So often when it comes to sewing, you dream up beautiful ideas of flouncy dresses that have no place in your normal, day-to-day life. And that’s fine! It’s fun to dream big and play dress up with your sewing machine once in a while. But there’s only so many pretty dresses you can make before they overwhelm your closet. I’ve been making more of an effort to make pieces that are versatile and good for daily wear in my wardrobe. For me, this means dress shirts and shirt dresses that can be layered throughout the year.
I made this garment as a test for shirt dress construction, as I have had no previous experience with it. This was made with the McCall’s 6885, which has one of the most dreadful photos on the front. I don’t know what they were thinking with the floral dress and matching hat! It looks awful. If they had featured the chambray illustration it would be much more appealing. I made the short sleeve variation, out of a fabric that has been in my stash for many years. I don’t remember why I had bought this fabric originally, but it’s a thick grey twill from the S.R. Harris fabric depot in Minnesota.

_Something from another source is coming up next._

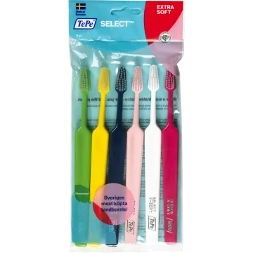 TePe Select Extra soft är en extra mjuk och tät tandborste. Det lilla avsmalnande borsthuvudet förenklar och förbättrar rengöringen av de bakre tänderna. Byt tandborste ofta för bästa effektivitet och hygien. Greppvänlig och gjord i hållbart material. För vuxna. Levereras i osorterade färger. 6 st.

I indicated all of the pattern markings using tailor’s tacks, which helped as the placket attachment can become quite a hassle. Reflecting back on this, I should have started with the Grainline’s Alder shirt dress as that pattern has much more clear instructions. Overall, the placket went on quite nicely. I had some issues with the collar stay being longer than the neckline/placket, likely due to imprecise sewing. I also used the straight hem variation rather than the curved hem, as I had read from other bloggers that the curve comes up quite high on the thigh.
After completing the garment, I found that the shoulders and short sleeves felt tight. This, with the heaviness of the fabric, makes me feel super claustrophobic when I wear it and since it’s been completed, it’s never been worn. I can’t move my arms back or forwards without it pulling on the front or back and being uncomfortable. I believe that I may try a rescue operation on the dress, removing the short sleeves and finishing the armhole with bias binding. Into the UFO pile it goes… Next time, I’ll make it sleeveless and/or consider a lighter cotton or flannel eventually and maybe put a yoke in the back with some gathers underneath to allow for arm movement.
Despite being unwearable, I consider it a learning experience, which I was glad to have on a fabric that has been in my stash for ages!